_Activity_
The response should consist of every line below, restated exactly, with no pictures.

::: Records to use :::

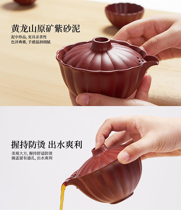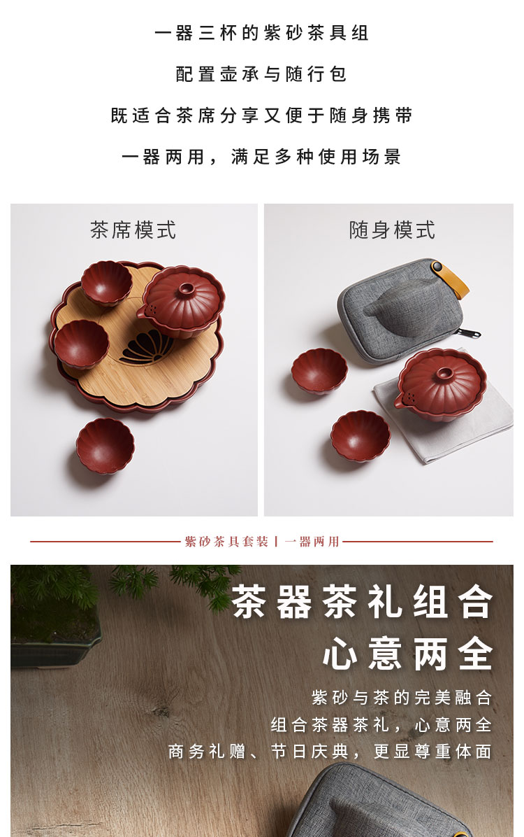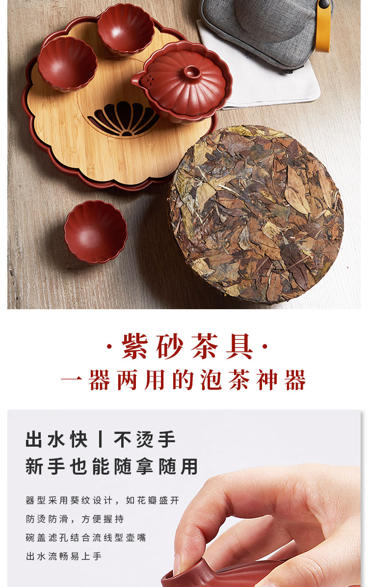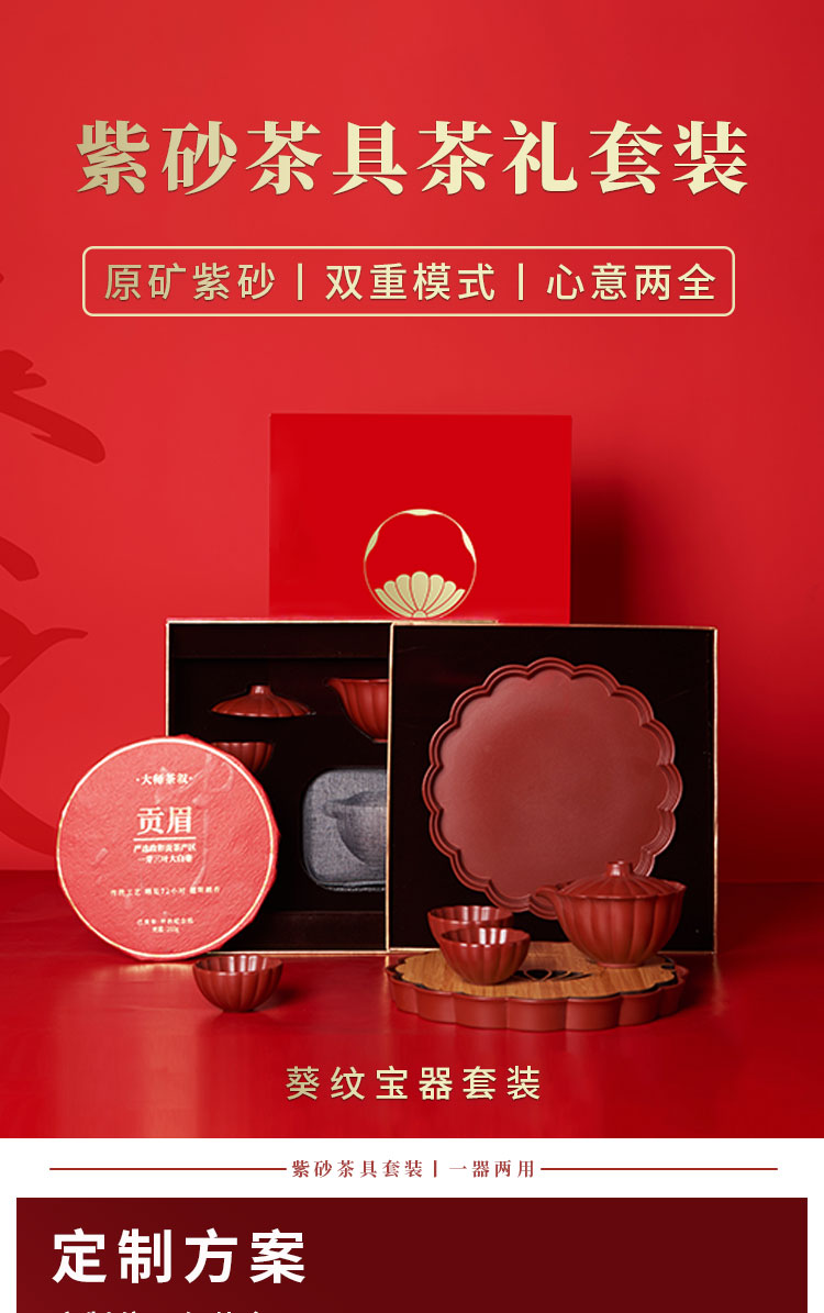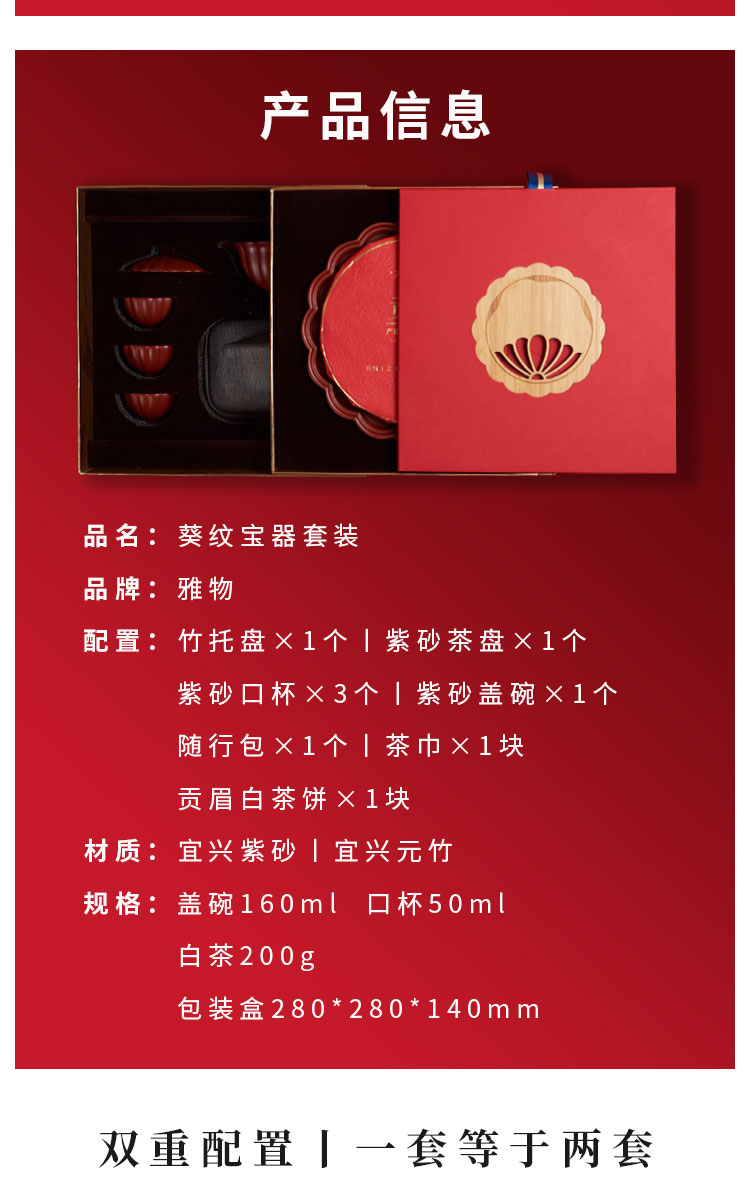 清朴堂 葵纹宝器套装 宜兴原矿紫砂杯子盖碗茶盘便携包茶器贡眉白茶茶饼 商务礼品 送领导定制礼物礼品
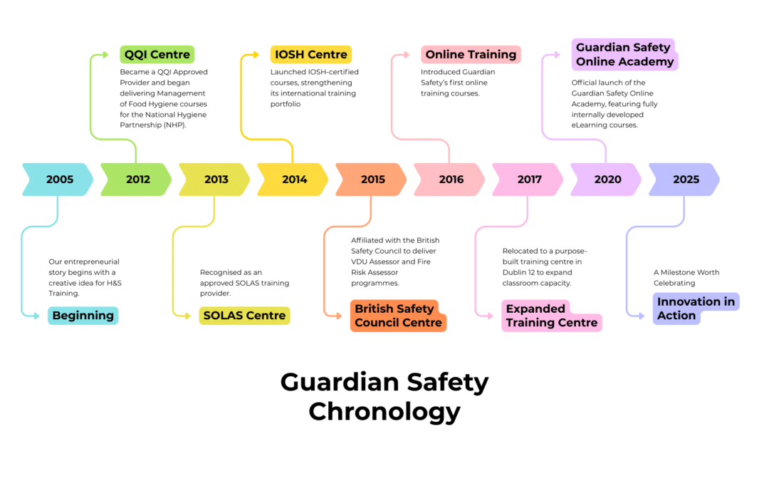 Guardian Safety Training offers comprehensive health and safety training solutions across Ireland. We specialise in providing QQI-certified courses, consultancy services, and safety products to ensure workplace compliance and enhance safety standards. Our training is flexible and accessible, available onsite, online, and on-demand, catering to a wide range of industries. We are dedicated to delivering high-quality education and support to help businesses meet regulatory requirements and foster a safer working environment
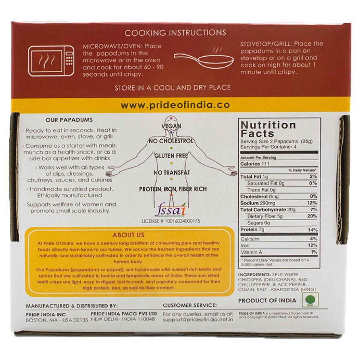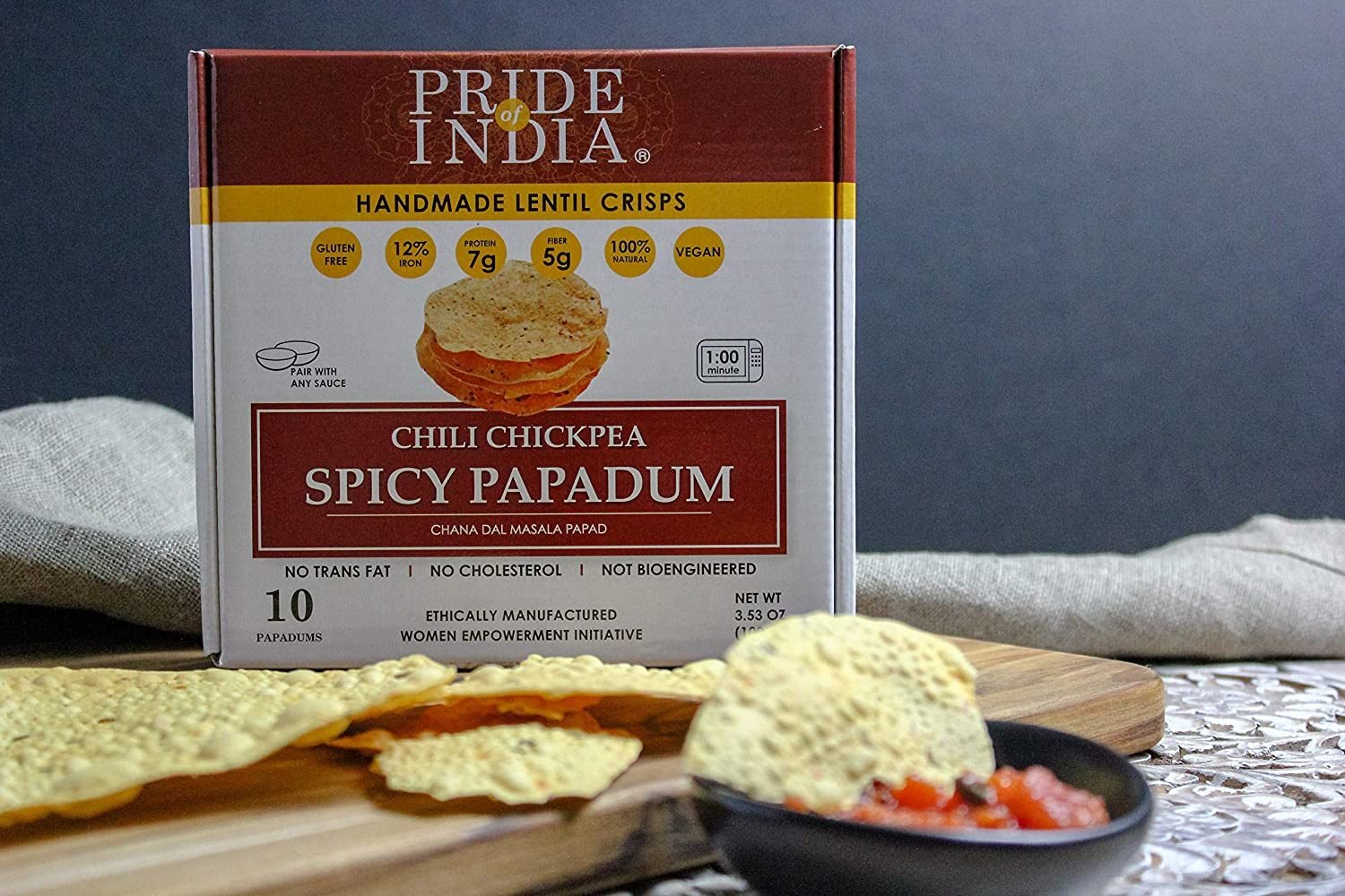 Pride of India incorporates organically-grown food and herbal products from India into our daily life. These all-natural ingredients help enhance the overall health of the human body. Pride of India is family owned and operated, and we manufacture our products in the USA. Indian papadums (poppadoms or papad) are a traditional Indian snack food. They are similar to tortillas and flatbreads. Our papadums are made of chickpeas, lentils and Indian spices. Lentils contain healthy protein, iron, and fiber. Plus, they help reduce cholesterol. Because these lentil crisps are gluten free and don’t have trans fats, they are a healthier snack than traditional potato chips. These papadums are also handmade by women in India, and each purchase of these lentil crisps contributes to small businesses and women empowerment in India. Popadums are usually made as a dough that needs to rest before baking. These lentil crisps, however, are ready in seconds! Just put them over a heat source (oven, microwave, stove, etc.) for 60 to 90 seconds until crispy. Lentil crisps are a great meal starter or snack. With an intoxicating blend of Indian spices, you can eat them alone or dip them in sauces, curries, or hummus. This package contains 10 chili chickpea spicy papadum. Try other flavors of lentil crisps, and shop other health and beauty products by Pride of India.
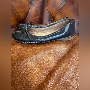 EUC NATURALIZER black flat ballerina leather shoes with white stitches Sz 6
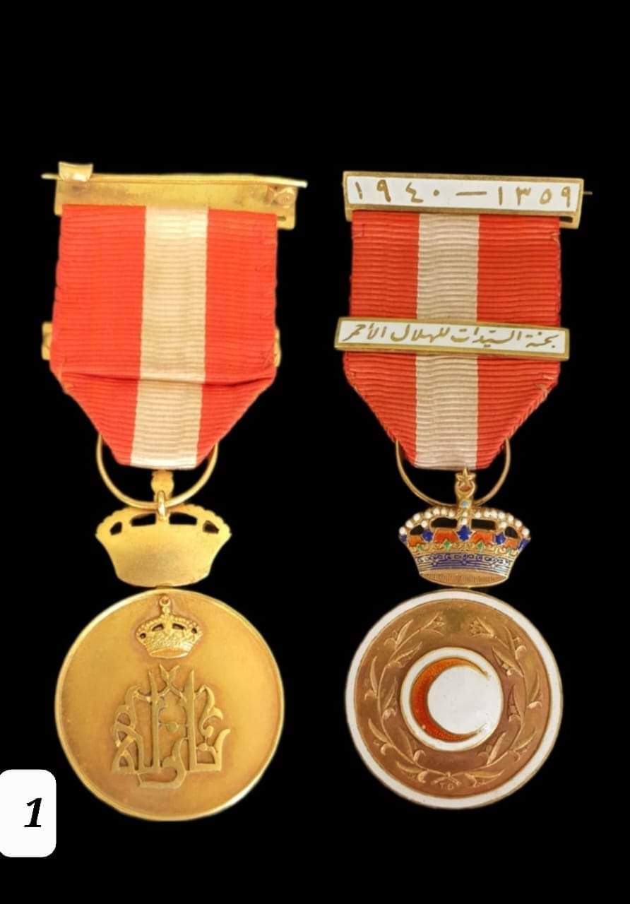 - شارة سيدات الهلال الأحمر، وهي أحد الأوجه بالميناء البيضاء ويتوسطه هلال بالميناء الحمراء والوجه الآخر مكتوب عليه (نازلي) ويعلوه التاج الملكي.

:::

_Written solution_
 清朴堂 葵纹宝器套装 宜兴原矿紫砂杯子盖碗茶盘便携包茶器贡眉白茶茶饼 商务礼品 送领导定制礼物礼品
 Guardian Safety Training offers comprehensive health and safety training solutions across Ireland. We specialise in providing QQI-certified courses, consultancy services, and safety products to ensure workplace compliance and enhance safety standards. Our training is flexible and accessible, available onsite, online, and on-demand, catering to a wide range of industries. We are dedicated to delivering high-quality education and support to help businesses meet regulatory requirements and foster a safer working environment
 Pride of India incorporates organically-grown food and herbal products from India into our daily life. These all-natural ingredients help enhance the overall health of the human body. Pride of India is family owned and operated, and we manufacture our products in the USA. Indian papadums (poppadoms or papad) are a traditional Indian snack food. They are similar to tortillas and flatbreads. Our papadums are made of chickpeas, lentils and Indian spices. Lentils contain healthy protein, iron, and fiber. Plus, they help reduce cholesterol. Because these lentil crisps are gluten free and don’t have trans fats, they are a healthier snack than traditional potato chips. These papadums are also handmade by women in India, and each purchase of these lentil crisps contributes to small businesses and women empowerment in India. Popadums are usually made as a dough that needs to rest before baking. These lentil crisps, however, are ready in seconds! Just put them over a heat source (oven, microwave, stove, etc.) for 60 to 90 seconds until crispy. Lentil crisps are a great meal starter or snack. With an intoxicating blend of Indian spices, you can eat them alone or dip them in sauces, curries, or hummus. This package contains 10 chili chickpea spicy papadum. Try other flavors of lentil crisps, and shop other health and beauty products by Pride of India.
 EUC NATURALIZER black flat ballerina leather shoes with white stitches Sz 6
 - شارة سيدات الهلال الأحمر، وهي أحد الأوجه بالميناء البيضاء ويتوسطه هلال بالميناء الحمراء والوجه الآخر مكتوب عليه (نازلي) ويعلوه التاج الملكي.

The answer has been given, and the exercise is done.